Return the lines of the data below starting at the one holding "В основата на" and ending at the one holding "Suave conjunto de", word for word, leaving every picture out.

◆ **Data**:
========================================================================
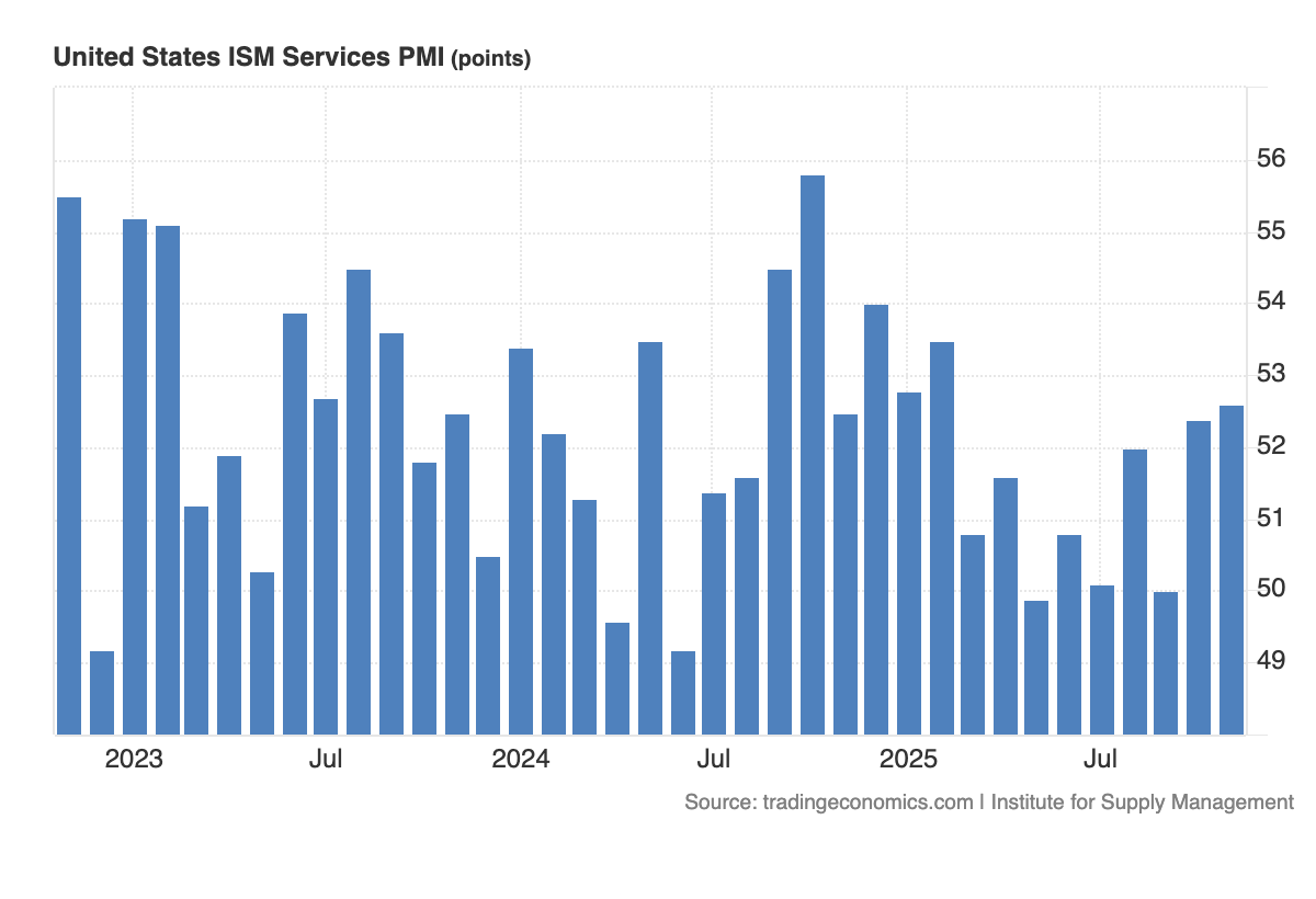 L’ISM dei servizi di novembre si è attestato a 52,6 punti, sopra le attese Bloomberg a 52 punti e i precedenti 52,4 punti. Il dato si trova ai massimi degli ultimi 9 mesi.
========================================================================
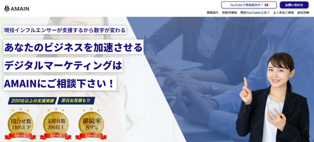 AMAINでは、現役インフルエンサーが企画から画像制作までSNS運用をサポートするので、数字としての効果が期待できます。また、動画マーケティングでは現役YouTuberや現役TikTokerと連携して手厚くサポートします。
========================================================================
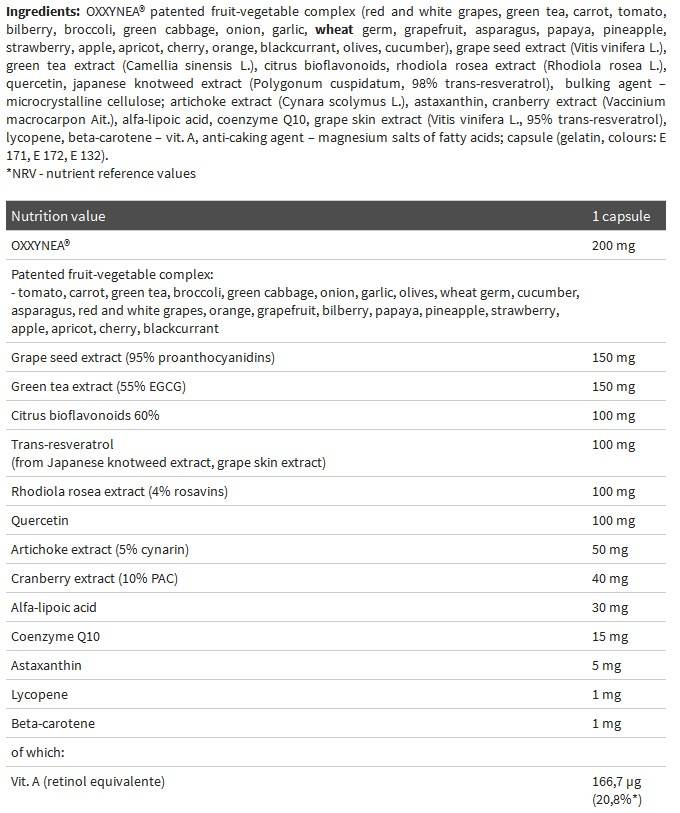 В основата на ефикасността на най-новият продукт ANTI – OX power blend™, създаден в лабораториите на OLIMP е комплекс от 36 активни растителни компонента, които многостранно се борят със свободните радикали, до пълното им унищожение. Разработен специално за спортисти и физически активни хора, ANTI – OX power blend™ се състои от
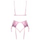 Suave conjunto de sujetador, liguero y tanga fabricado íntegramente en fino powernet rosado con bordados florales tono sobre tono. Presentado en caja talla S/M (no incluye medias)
========================================================================
◆ **Reply to the exercise**:
 В основата на ефикасността на най-новият продукт ANTI – OX power blend™, създаден в лабораториите на OLIMP е комплекс от 36 активни растителни компонента, които многостранно се борят със свободните радикали, до пълното им унищожение. Разработен специално за спортисти и физически активни хора, ANTI – OX power blend™ се състои от
 Suave conjunto de sujetador, liguero y tanga fabricado íntegramente en fino powernet rosado con bordados florales tono sobre tono. Presentado en caja talla S/M (no incluye medias)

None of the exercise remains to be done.